Data structure and description

Answer toMetadata is data about data that provides information about the content, structure, provenance and format of a dataset. For example, the metadata of a photograph may include information about the date, location and camera settings. It is recommended to collect metadata ReadMe in a file or repository metadata record. Metadata is essential for other researchers to find, understand and use the dataset.
Answer: A metadata record is descriptive, structured and concise information about a dataset, describing the content and context of the deposited dataset for both machines and humans (machine and human readable) in plain language. The author of the study or the custodian of the dataset shall create a metadata record in the repository at the time of deposit of the dataset, including documentation. The more complete the metadata record, the better the dataset Located atand greater potential for re-use.
Answer toA: Data repositories are online data repositories or digital platforms designed to securely store, organise, share and update research data over the long term. They provide long-term preservation and accessibility for both data and metadata, while promoting compliance with good data management practices.
Answer: Data grouping should be thought of first in the context of its use and processing, not just as a formality for a data management plan. Grouping is essentially about creating logical sets of data by how the data are collected, analysed and into what units they function in the course of the study. This structured approach not only helps to describe the data more clearly in the DPP, but also provides clarity for future research and documentation of results.
Recommendations for data grouping:
  • By content and research function, for example: a single dataset results of one experiment; another model input data
  • By data extraction or processing steps, e.g.: raw data, processed data, final results, re-used data
  • By format or technical structure if this facilitates storage or re-use, e.g. all CSV sets in one group
  • By responsible person or data source, if this helps to structure the data descriptions in the team’s work
The most important thing is that the grouping makes practical sense and reflects how the data are actually handled.

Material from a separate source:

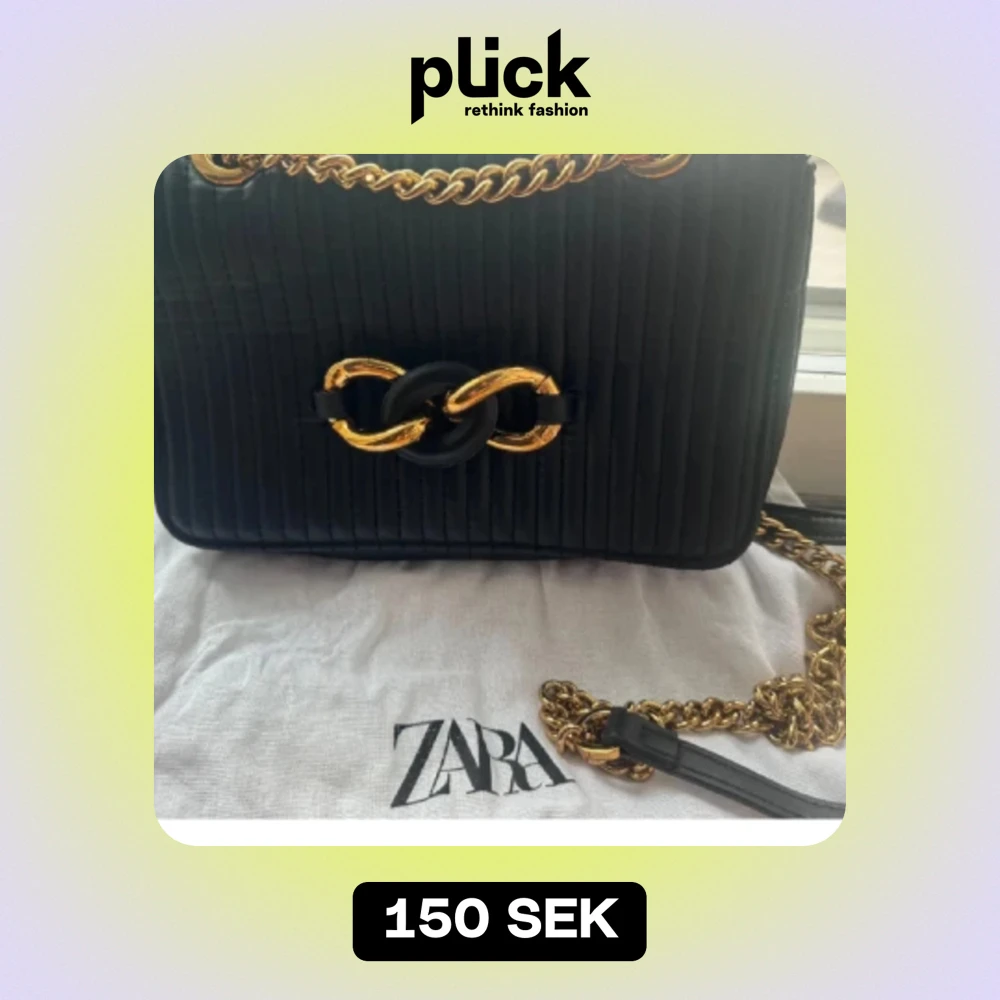 Säljer en ny superfin svart quiltad axelväska från Zara. Väskan har en elegant kedja i guld och en snygg detalj framtill. Perfekt för både vardag och fest! 🖤tygpåse tillkommer med..!

Data structure and description

Answer toMetadata is data about data that provides information about the content, structure, provenance and format of a dataset. For example, the metadata of a photograph may include information about the date, location and camera settings. It is recommended to collect metadata ReadMe in a file or repository metadata record. Metadata is essential for other researchers to find, understand and use the dataset.
Answer: A metadata record is descriptive, structured and concise information about a dataset, describing the content and context of the deposited dataset for both machines and humans (machine and human readable) in plain language. The author of the study or the custodian of the dataset shall create a metadata record in the repository at the time of deposit of the dataset, including documentation. The more complete the metadata record, the better the dataset Located atand greater potential for re-use.
Answer toA: Data repositories are online data repositories or digital platforms designed to securely store, organise, share and update research data over the long term. They provide long-term preservation and accessibility for both data and metadata, while promoting compliance with good data management practices.
Answer: Data grouping should be thought of first in the context of its use and processing, not just as a formality for a data management plan. Grouping is essentially about creating logical sets of data by how the data are collected, analysed and into what units they function in the course of the study. This structured approach not only helps to describe the data more clearly in the DPP, but also provides clarity for future research and documentation of results.
Recommendations for data grouping:
  • By content and research function, for example: a single dataset results of one experiment; another model input data
  • By data extraction or processing steps, e.g.: raw data, processed data, final results, re-used data
  • By format or technical structure if this facilitates storage or re-use, e.g. all CSV sets in one group
  • By responsible person or data source, if this helps to structure the data descriptions in the team’s work
The most important thing is that the grouping makes practical sense and reflects how the data are actually handled.